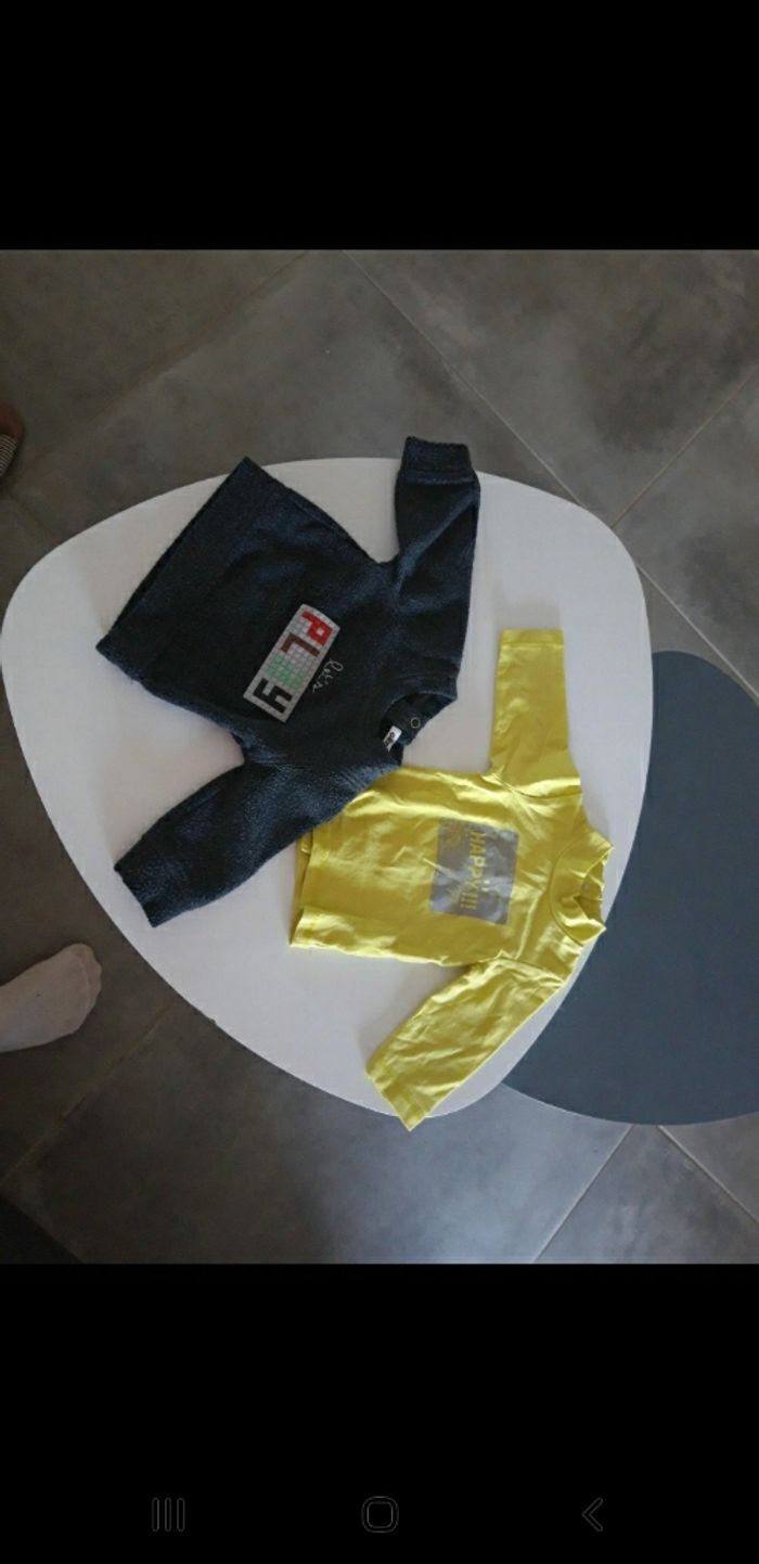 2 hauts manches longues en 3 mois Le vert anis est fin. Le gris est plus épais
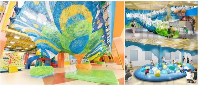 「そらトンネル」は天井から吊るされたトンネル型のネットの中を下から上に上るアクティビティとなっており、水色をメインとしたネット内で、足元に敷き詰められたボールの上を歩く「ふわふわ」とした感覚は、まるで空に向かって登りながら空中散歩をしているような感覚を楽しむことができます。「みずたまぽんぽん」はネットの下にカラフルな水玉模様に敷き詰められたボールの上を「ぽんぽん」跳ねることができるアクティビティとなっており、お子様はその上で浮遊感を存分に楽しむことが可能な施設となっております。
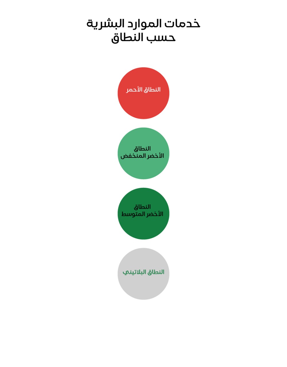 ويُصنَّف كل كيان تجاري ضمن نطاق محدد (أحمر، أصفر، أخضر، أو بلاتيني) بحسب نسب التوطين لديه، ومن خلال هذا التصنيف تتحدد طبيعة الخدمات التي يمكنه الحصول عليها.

****************************************

▶ EXERCISE GOAL
All the lines above need to be repeated exactly, with no pictures carried over.

▶ REPLY TO THE EXERCISE
 2 hauts manches longues en 3 mois Le vert anis est fin. Le gris est plus épais
 「そらトンネル」は天井から吊るされたトンネル型のネットの中を下から上に上るアクティビティとなっており、水色をメインとしたネット内で、足元に敷き詰められたボールの上を歩く「ふわふわ」とした感覚は、まるで空に向かって登りながら空中散歩をしているような感覚を楽しむことができます。「みずたまぽんぽん」はネットの下にカラフルな水玉模様に敷き詰められたボールの上を「ぽんぽん」跳ねることができるアクティビティとなっており、お子様はその上で浮遊感を存分に楽しむことが可能な施設となっております。
 ويُصنَّف كل كيان تجاري ضمن نطاق محدد (أحمر، أصفر، أخضر، أو بلاتيني) بحسب نسب التوطين لديه، ومن خلال هذا التصنيف تتحدد طبيعة الخدمات التي يمكنه الحصول عليها.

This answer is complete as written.